Each consumer's area of living will have their associated fraud probability. The state and postcode average fraud probability will be useful features.

In [6]:
# Average fraud probability in each postcode or state
consumer_info_with_fp = consumer_info.join(fraudulent_consumer_rate, on = 'consumer_id', how = 'inner')

fraudulent_consumer_group_by_postcode = consumer_info_with_fp.groupBy(["postcode"]).agg(F.avg("fraud_probability").alias("average_fraud_prob_of_postcode"))

fraudulent_consumer_group_by_state = consumer_info_with_fp.groupBy(["state"]).agg(F.avg("fraud_probability").alias("average_fraud_prob_of_state"))

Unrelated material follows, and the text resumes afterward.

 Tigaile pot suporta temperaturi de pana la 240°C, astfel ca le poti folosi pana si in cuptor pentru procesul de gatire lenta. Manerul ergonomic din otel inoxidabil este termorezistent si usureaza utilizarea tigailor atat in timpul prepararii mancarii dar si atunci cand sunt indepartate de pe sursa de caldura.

We believe that consumer with fluctutating buying behaviour, i.e high standard deviation accross all order, are potentially commiting fraud.

In [7]:
# analysis order value, consider the variance of order value and purchase frequency
consumer_transaction_value_analysis =  transaction_fraudulent_consumer_with_info.groupBy("consumer_id", "state", "postcode") \
                                        .agg(
                                            F.avg("dollar_value").alias("average_dollar_value"),
                                            F.min("dollar_value").alias("min_dollar_value"),
                                            F.max("dollar_value").alias("max_dollar_value"),
                                            F.count("dollar_value").alias("transaction_count"),
                                            F.stddev("dollar_value").alias("stddev_dollar_value")
                                        )

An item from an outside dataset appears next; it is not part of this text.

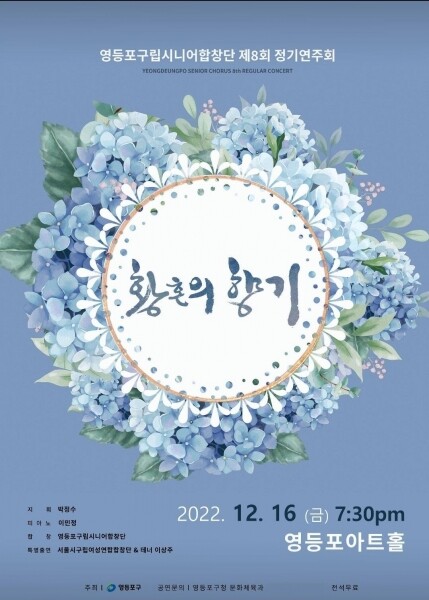 ‘영등포구립시니어합창단’은 제8회 정기연주회를 오는 16일 오후 7시 30분에 영등포아트홀에서 개최한다.

# consumer_transaction_value_analysis.limit(10)

Consumer with high standard deviation in the dollar value of their transactions may be suspicious as that mean their shopping habid varies a lot.

In [8]:
transaction_fraudulent_consumer_summary = transaction_fraudulent_consumer_with_info \
    .join(consumer_transaction_value_analysis, on=["consumer_id", "state","postcode"], how="left") \
    .join(fraudulent_consumer_group_by_postcode, on="postcode", how="inner") \
    .join(fraudulent_consumer_group_by_state, on="state", how="inner")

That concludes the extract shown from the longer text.